The scientific community is keenly watching the progress of this research. Experts in the field of neurodegenerative diseases have long recognized the intricate interplay between vascular health and brain aging. The robust methodology and clear findings of the USC study are expected to further invigorate research efforts in this area, potentially leading to:
- Development of new diagnostic tools: The noninvasive nature of these measurements could pave the way for the creation of routine screening protocols for Alzheimer’s risk.
- Targeted preventive strategies: Identifying individuals with suboptimal vascular function could allow for early implementation of interventions to improve cardiovascular and cerebrovascular health, such as exercise, dietary changes, and management of blood pressure and cholesterol.
- Personalized treatment approaches: Understanding an individual’s vascular profile could help tailor treatment plans, potentially combining therapies that address both amyloid/tau pathology and vascular dysfunction.

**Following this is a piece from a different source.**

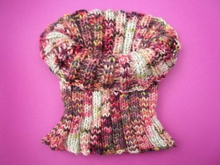 Derfor strikket jeg et langt rektangel og masket det sammen til en hals. I tillegg til at garnet har fargestriper, har jeg strikket striper med rett og vrangt, i ulike tykkelser. Mye for at den ikke skal rulle seg i kanten, men også for å gi en ekstra dybde til stripene.

- A more holistic understanding of Alzheimer’s: This research contributes to a growing consensus that Alzheimer’s disease is a complex, multifactorial condition where vascular integrity plays a pivotal role alongside genetic and molecular factors.
About the Study and Funding
The research was conducted by a dedicated team of scientists at the Keck School of Medicine of USC. In addition to lead author Amaryllis A. Tsiknia and senior author Meredith N. Braskie, the study’s other authors include Peter S. Conti, Rebecca J. Lepping, Brendan J. Kelley, Rong Zhang, Sandra A. Billinger, Helena C. Chui, and Vasilis Z. Marmarelis.
This significant scientific endeavor was made possible through crucial funding from national health organizations. The work was supported by the Office of The Director, National Institutes of Health, under Award Number S10OD032285, and by the National Institute on Aging under Grant R01AG058162. These grants highlight the commitment of federal agencies to advancing our understanding of Alzheimer’s disease and related dementias and to exploring innovative diagnostic and therapeutic avenues. The continued support for such research is vital in the ongoing global effort to combat this devastating disease.